━━━━━ Raw data

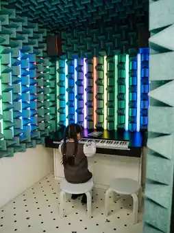 The colorful glass house is not only a great photo spot, but also a small music hall where you can play songs.
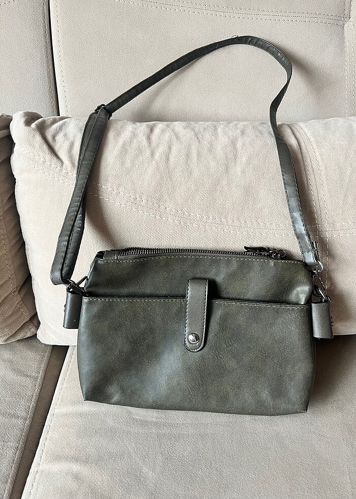 4 ayrı gözü var. suni deri haki rengi uzun saplı çanta
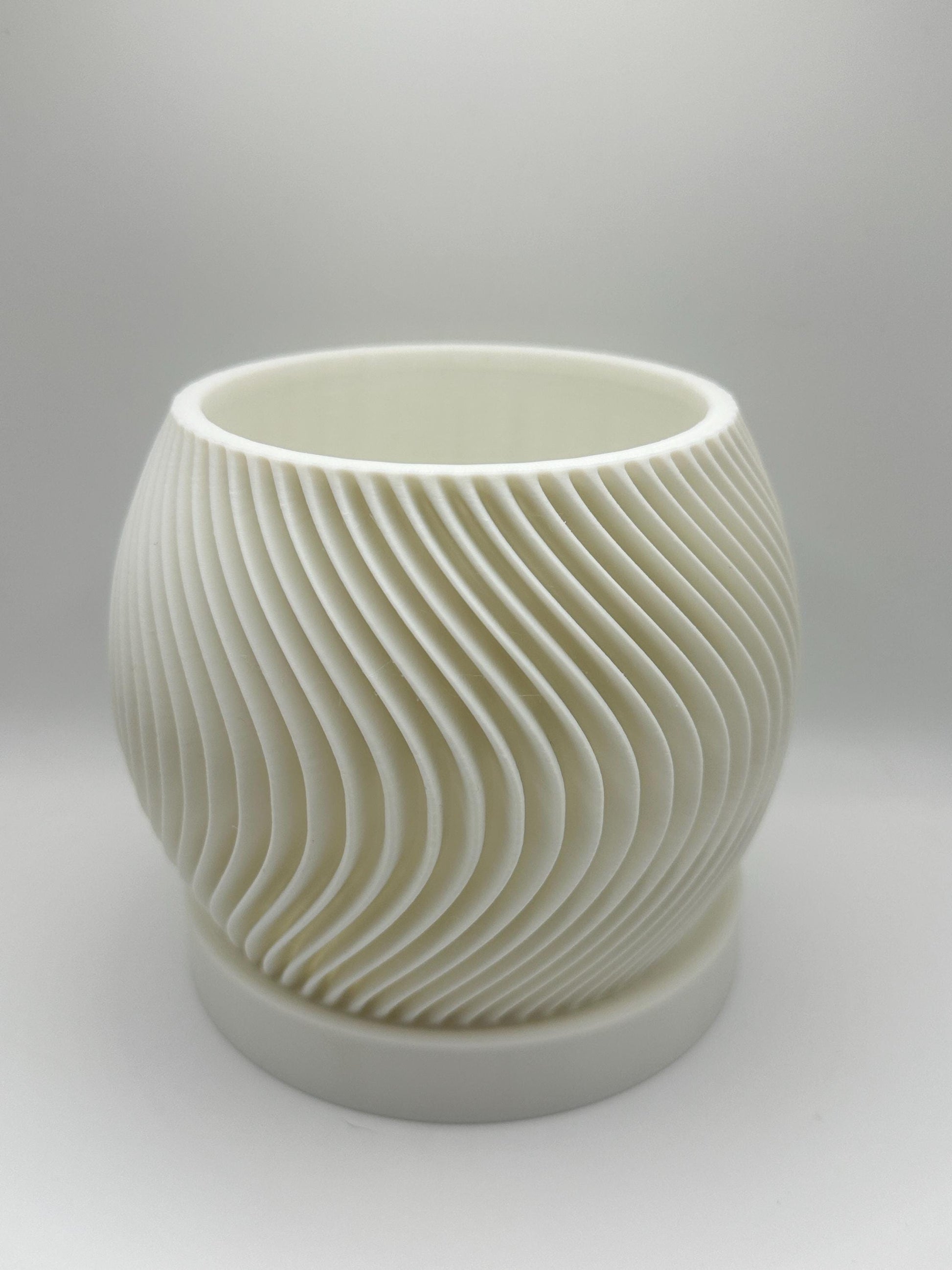 Bring a touch of modern elegance to your plant display with this beautifully designed spiral planter, complete with a matching drip tray. Featuring a sleek, textured swirl pattern, this planter is both functional and decorative, making it the perfect choice for succulents, houseplants, herbs, or small flowers.

━━━━━━━━━━

Give back the full data exactly as it reads, but drop the pictures.

_Solution_
 The colorful glass house is not only a great photo spot, but also a small music hall where you can play songs.
 4 ayrı gözü var. suni deri haki rengi uzun saplı çanta
 Bring a touch of modern elegance to your plant display with this beautifully designed spiral planter, complete with a matching drip tray. Featuring a sleek, textured swirl pattern, this planter is both functional and decorative, making it the perfect choice for succulents, houseplants, herbs, or small flowers.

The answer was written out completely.